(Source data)
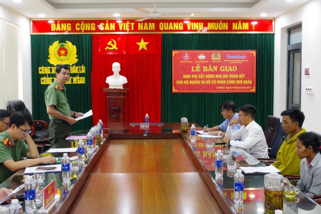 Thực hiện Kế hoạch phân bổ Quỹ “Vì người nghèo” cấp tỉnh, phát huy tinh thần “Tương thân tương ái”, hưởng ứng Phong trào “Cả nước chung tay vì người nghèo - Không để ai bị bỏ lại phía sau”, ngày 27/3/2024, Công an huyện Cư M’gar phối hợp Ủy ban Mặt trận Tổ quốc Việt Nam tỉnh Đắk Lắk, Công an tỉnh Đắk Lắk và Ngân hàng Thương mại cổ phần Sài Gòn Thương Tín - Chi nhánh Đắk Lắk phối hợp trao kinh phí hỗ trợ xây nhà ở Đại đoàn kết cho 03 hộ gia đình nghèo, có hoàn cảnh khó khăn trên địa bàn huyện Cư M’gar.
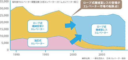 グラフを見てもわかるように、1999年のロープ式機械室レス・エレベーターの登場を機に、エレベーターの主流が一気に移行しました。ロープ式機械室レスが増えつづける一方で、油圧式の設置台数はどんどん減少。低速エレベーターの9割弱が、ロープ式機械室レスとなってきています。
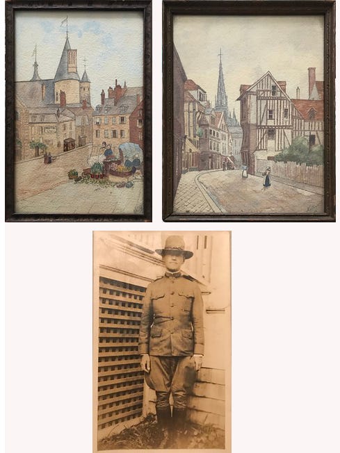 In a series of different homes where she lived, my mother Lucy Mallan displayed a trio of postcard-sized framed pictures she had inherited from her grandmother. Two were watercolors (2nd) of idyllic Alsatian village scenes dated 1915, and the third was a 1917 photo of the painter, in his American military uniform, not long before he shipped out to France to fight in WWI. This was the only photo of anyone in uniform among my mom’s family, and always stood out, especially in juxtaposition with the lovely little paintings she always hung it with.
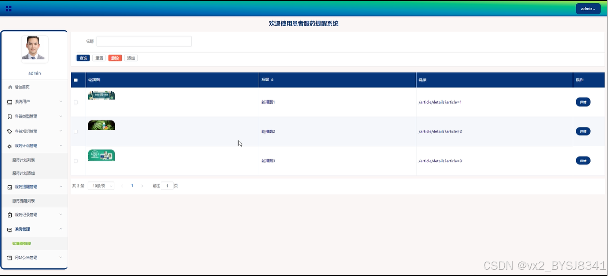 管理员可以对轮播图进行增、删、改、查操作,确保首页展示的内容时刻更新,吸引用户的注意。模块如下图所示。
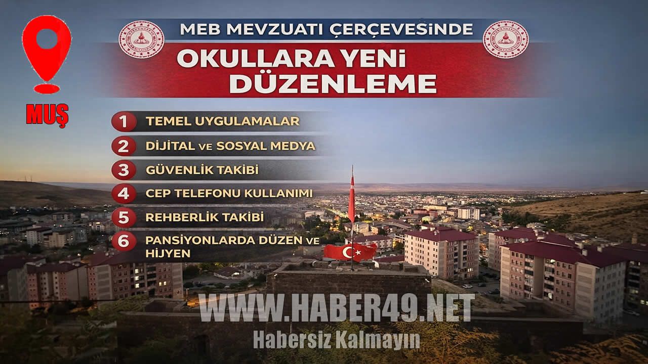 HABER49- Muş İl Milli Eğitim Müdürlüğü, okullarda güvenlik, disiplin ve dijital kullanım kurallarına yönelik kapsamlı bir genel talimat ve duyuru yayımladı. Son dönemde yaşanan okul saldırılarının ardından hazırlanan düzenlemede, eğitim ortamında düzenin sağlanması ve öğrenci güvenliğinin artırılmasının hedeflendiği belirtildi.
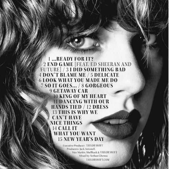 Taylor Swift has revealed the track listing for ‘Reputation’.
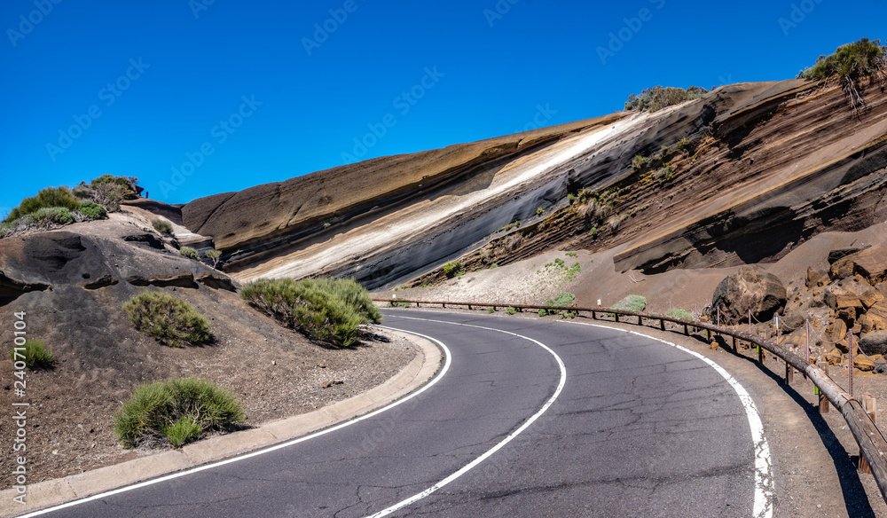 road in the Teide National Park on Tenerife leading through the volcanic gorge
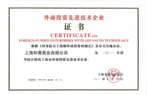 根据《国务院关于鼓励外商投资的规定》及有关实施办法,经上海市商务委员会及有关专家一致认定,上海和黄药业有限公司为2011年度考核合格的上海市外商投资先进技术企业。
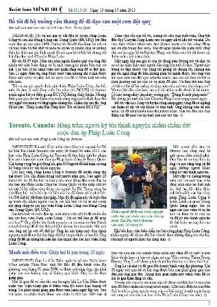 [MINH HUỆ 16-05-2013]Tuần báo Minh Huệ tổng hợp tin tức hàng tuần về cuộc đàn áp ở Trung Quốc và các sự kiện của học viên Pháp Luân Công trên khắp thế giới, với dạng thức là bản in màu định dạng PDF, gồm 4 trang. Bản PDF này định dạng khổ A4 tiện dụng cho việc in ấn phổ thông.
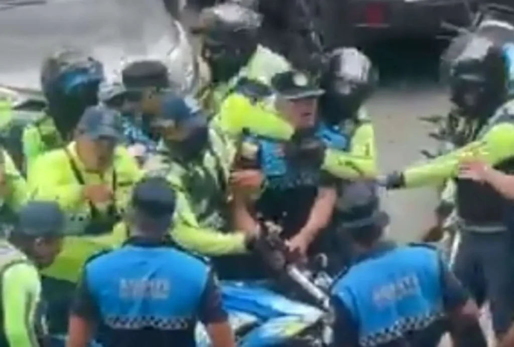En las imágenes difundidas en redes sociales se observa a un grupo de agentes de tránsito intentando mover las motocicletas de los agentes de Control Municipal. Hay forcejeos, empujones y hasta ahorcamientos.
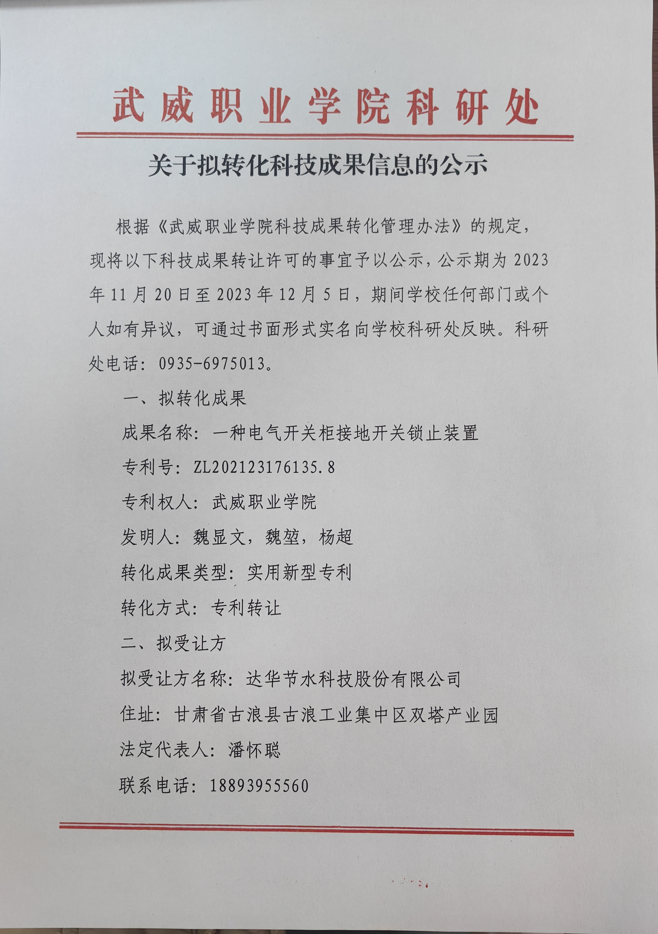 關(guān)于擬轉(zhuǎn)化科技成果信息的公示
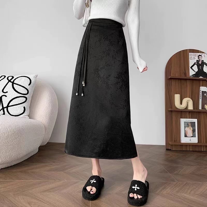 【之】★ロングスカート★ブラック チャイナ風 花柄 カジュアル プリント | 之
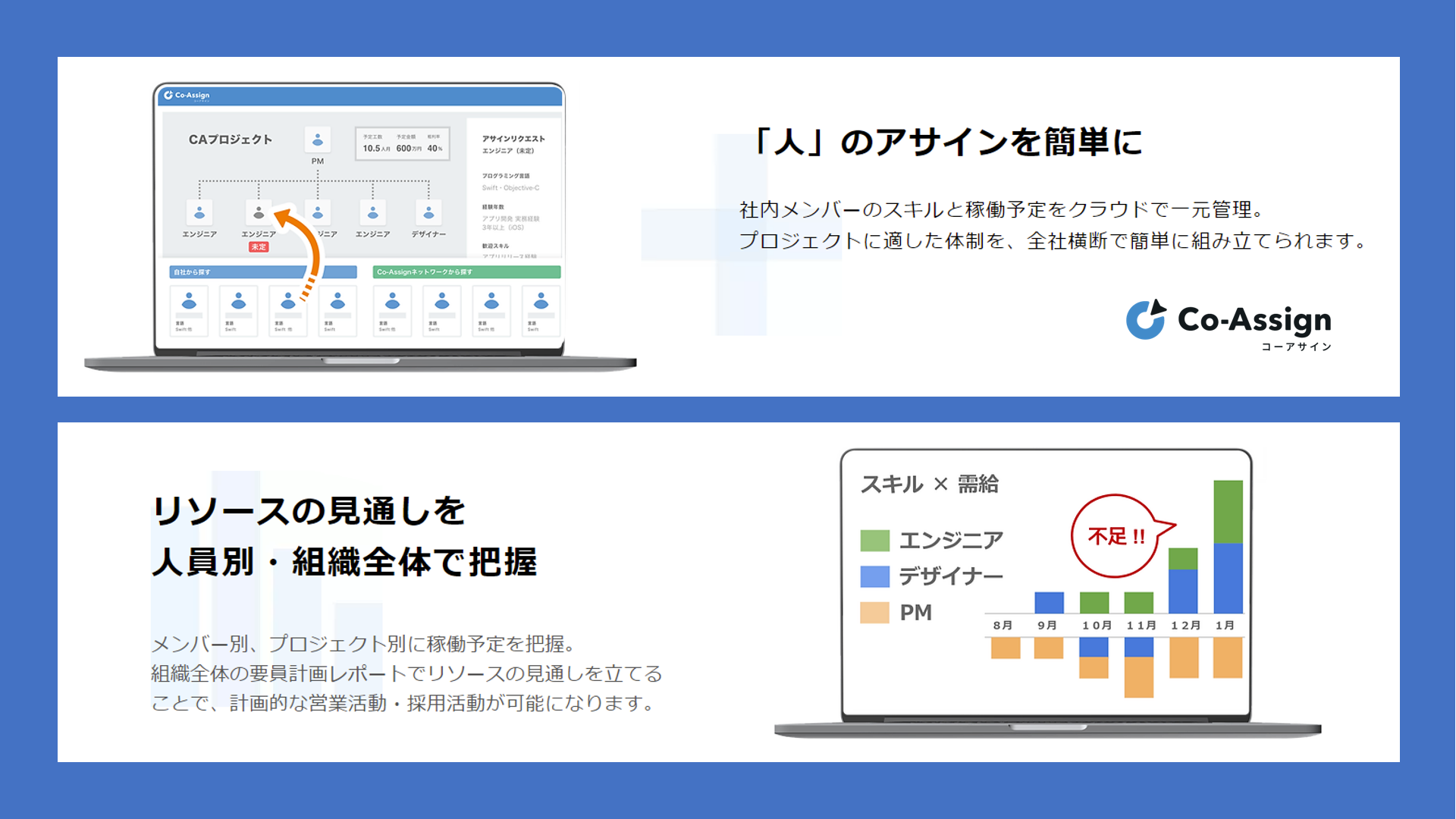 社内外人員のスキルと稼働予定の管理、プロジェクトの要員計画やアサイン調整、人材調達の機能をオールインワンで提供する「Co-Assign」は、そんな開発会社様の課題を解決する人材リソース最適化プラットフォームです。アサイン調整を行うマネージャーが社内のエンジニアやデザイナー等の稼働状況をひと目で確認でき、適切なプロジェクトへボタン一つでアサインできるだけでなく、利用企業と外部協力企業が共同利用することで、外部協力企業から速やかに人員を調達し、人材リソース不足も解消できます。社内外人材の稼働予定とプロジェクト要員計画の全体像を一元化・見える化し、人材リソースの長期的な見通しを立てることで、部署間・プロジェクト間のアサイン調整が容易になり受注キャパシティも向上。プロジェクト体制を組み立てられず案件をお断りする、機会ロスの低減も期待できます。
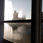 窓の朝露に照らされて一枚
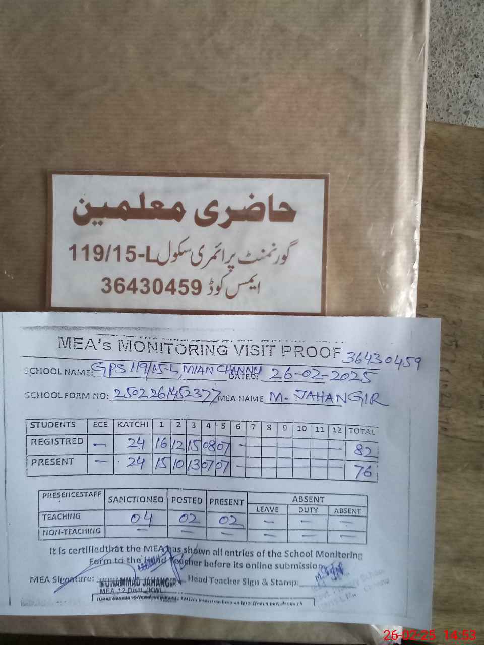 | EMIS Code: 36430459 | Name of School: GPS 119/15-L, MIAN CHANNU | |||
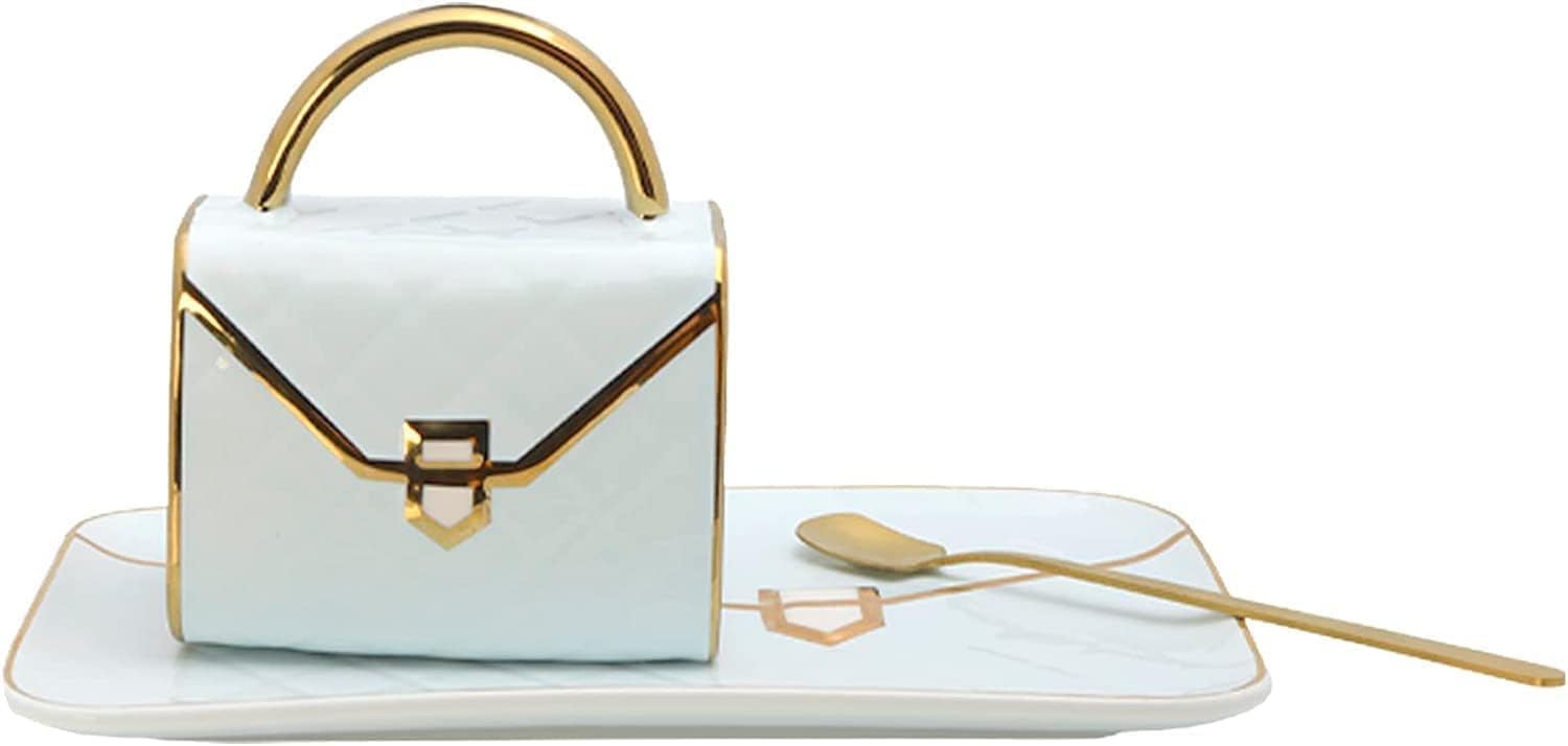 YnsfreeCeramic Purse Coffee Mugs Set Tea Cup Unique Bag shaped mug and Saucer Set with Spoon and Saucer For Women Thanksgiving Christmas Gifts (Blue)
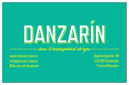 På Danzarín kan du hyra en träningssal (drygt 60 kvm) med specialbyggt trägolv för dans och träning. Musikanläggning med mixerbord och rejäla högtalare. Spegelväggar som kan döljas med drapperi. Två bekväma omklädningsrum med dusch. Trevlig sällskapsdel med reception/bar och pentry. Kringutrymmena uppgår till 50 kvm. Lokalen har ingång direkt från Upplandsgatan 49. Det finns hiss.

● **How to complete this task**: Print an exact copy of the lines above, from the one containing "road in the" through the one containing "根据《国务院关于鼓励外商投资", and leave out the pictures.

● **Reply to the task**:
 road in the Teide National Park on Tenerife leading through the volcanic gorge
 根据《国务院关于鼓励外商投资的规定》及有关实施办法,经上海市商务委员会及有关专家一致认定,上海和黄药业有限公司为2011年度考核合格的上海市外商投资先进技术企业。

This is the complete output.